Stored data:
Content starts
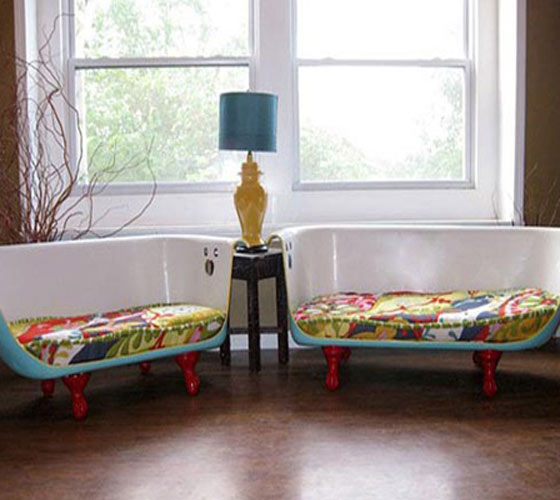 “旧浴缸沙发” 看到这个旧浴缸沙是否惊讶于达人们的奇妙创意?浴缸底部的蓝色与印花坐垫相得益彰,就算去家居店也淘不来这样的良品。
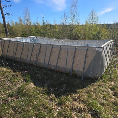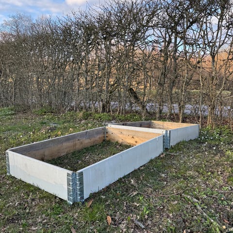 Du tar med egen låda, botten, tak och spännband.
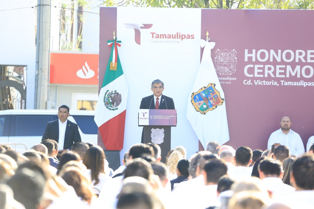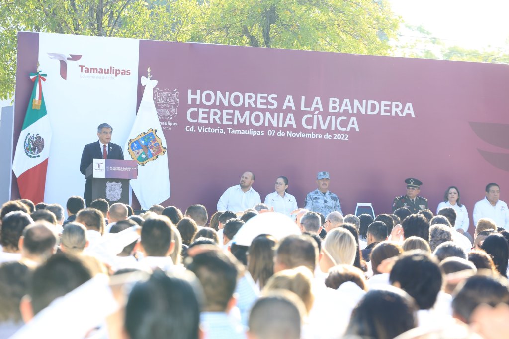«Los valores cívicos son y serán también motores para la gran transformación que ha iniciado en Tamaulipas, ahora, lo único que determina nuestra manera de ser, de ver la realidad y de pensar en el futuro que deseamos es el despertar de la conciencia de la cuarta transformación, que con el presidente Andrés Manuel López Obrador al frente, nos mostró el camino de una nueva cultura política que es solidaria y humanista», mencionó.
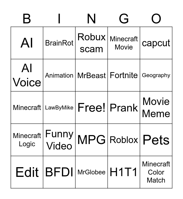 This bingo card has a free space and 24 words: Funny Video, BFDI, MrBeast, Edit, capcut, AI, AI Voice, BrainRot, Prank, MPG, Fortnite, Minecraft, Roblox, Pets, Animation, H1T1, Movie Meme, Robux scam, Geography, LawByMike, Minecraft Color Match, Minecraft Logic, Minecraft Movie and MrGlobee.
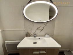 La salle d'eau, moderne et élégante, comprend un WC séparé, offrant un confort supplémentaire. Les finitions de haute qualité et les matériaux soigneusement choisis ajoutent une touche de luxe à cet appartement déjà charmant.
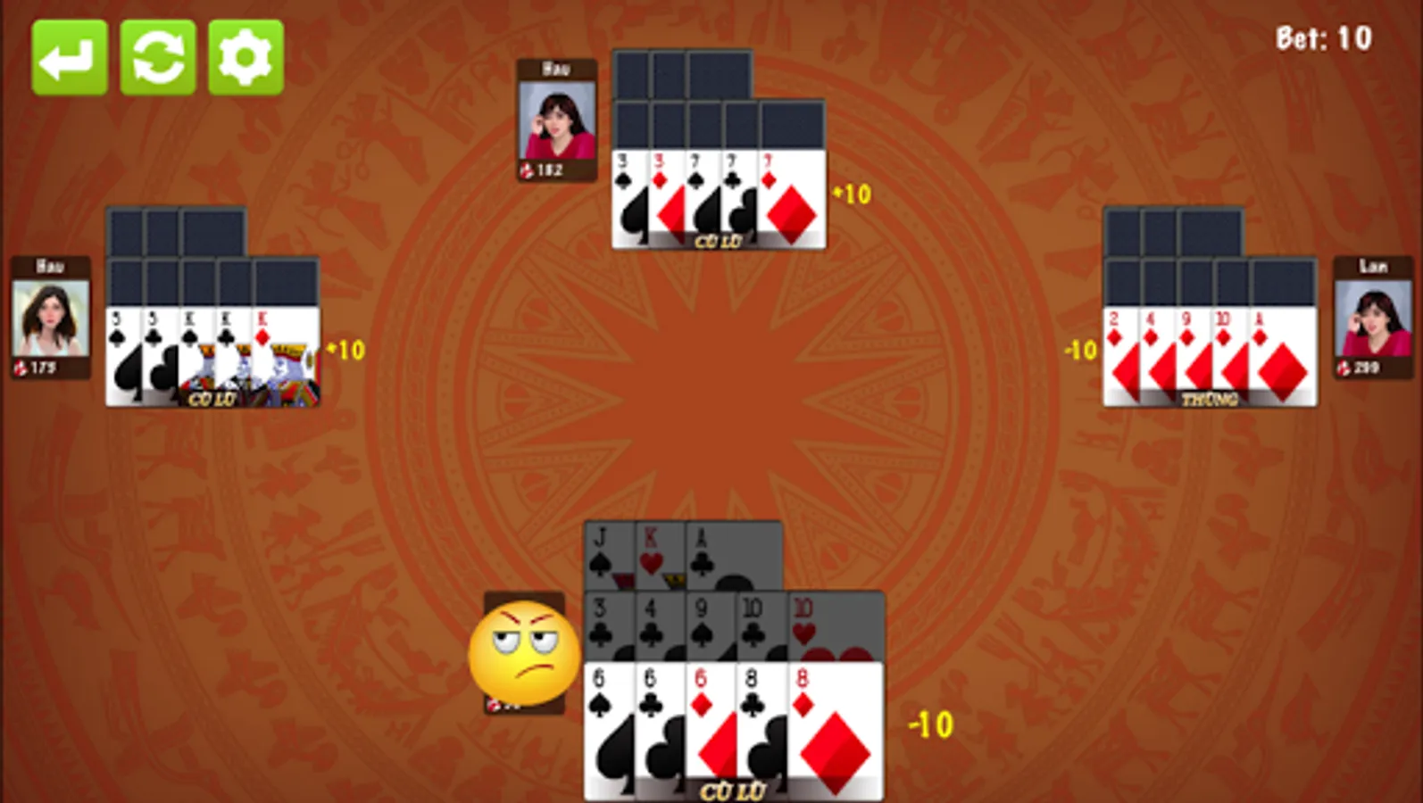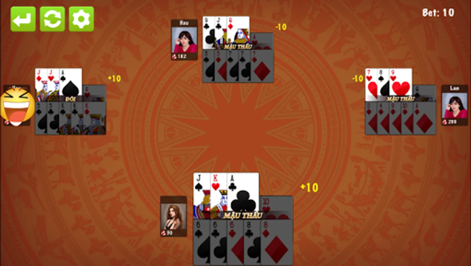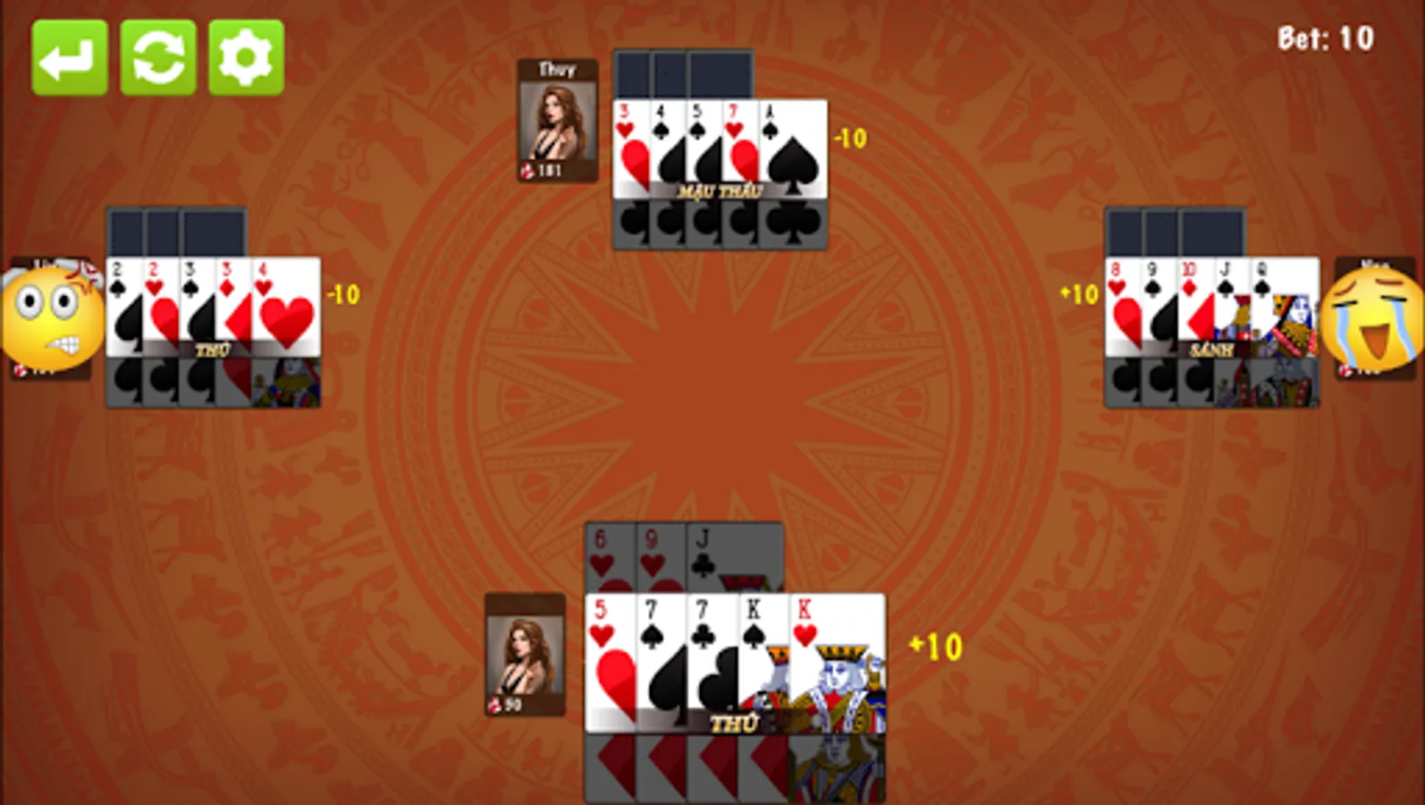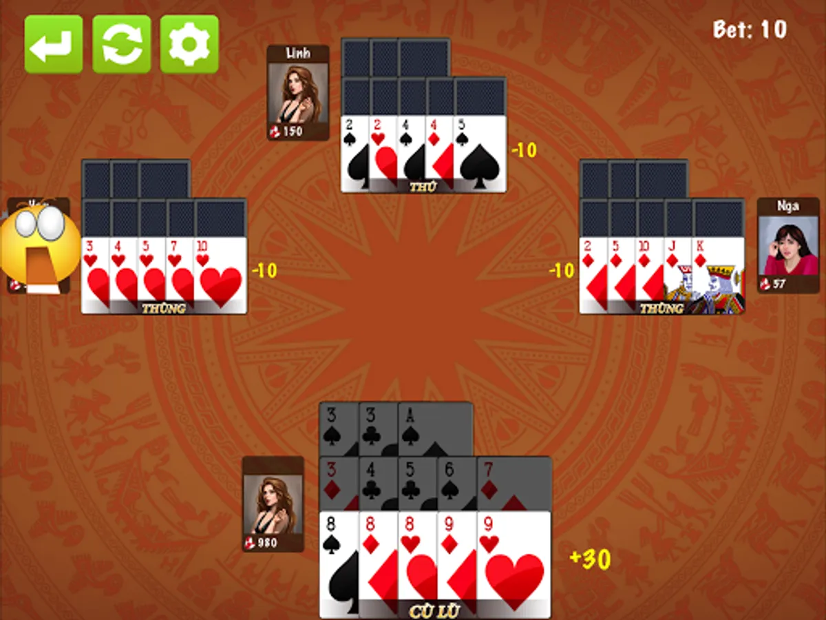 Mau Binh card game is the fascinating, amusing effective game for everyone. If you're in the mood to play but alone or missing friends, this game is the best fit for you. You just turn on the device, enter the game, the virtual opponents with perfect playing skills are awaiting you. We, the studio had success with the famous classic games such as Gold Miner, Lines 98, Shoot eggs guarantee the quality of this game.
Content ends
Please return the entries above exactly as they appear, but without the pictures.

Answer to this problem:
 “旧浴缸沙发” 看到这个旧浴缸沙是否惊讶于达人们的奇妙创意?浴缸底部的蓝色与印花坐垫相得益彰,就算去家居店也淘不来这样的良品。
 Du tar med egen låda, botten, tak och spännband.
«Los valores cívicos son y serán también motores para la gran transformación que ha iniciado en Tamaulipas, ahora, lo único que determina nuestra manera de ser, de ver la realidad y de pensar en el futuro que deseamos es el despertar de la conciencia de la cuarta transformación, que con el presidente Andrés Manuel López Obrador al frente, nos mostró el camino de una nueva cultura política que es solidaria y humanista», mencionó.
 This bingo card has a free space and 24 words: Funny Video, BFDI, MrBeast, Edit, capcut, AI, AI Voice, BrainRot, Prank, MPG, Fortnite, Minecraft, Roblox, Pets, Animation, H1T1, Movie Meme, Robux scam, Geography, LawByMike, Minecraft Color Match, Minecraft Logic, Minecraft Movie and MrGlobee.
 La salle d'eau, moderne et élégante, comprend un WC séparé, offrant un confort supplémentaire. Les finitions de haute qualité et les matériaux soigneusement choisis ajoutent une touche de luxe à cet appartement déjà charmant.
 Mau Binh card game is the fascinating, amusing effective game for everyone. If you're in the mood to play but alone or missing friends, this game is the best fit for you. You just turn on the device, enter the game, the virtual opponents with perfect playing skills are awaiting you. We, the studio had success with the famous classic games such as Gold Miner, Lines 98, Shoot eggs guarantee the quality of this game.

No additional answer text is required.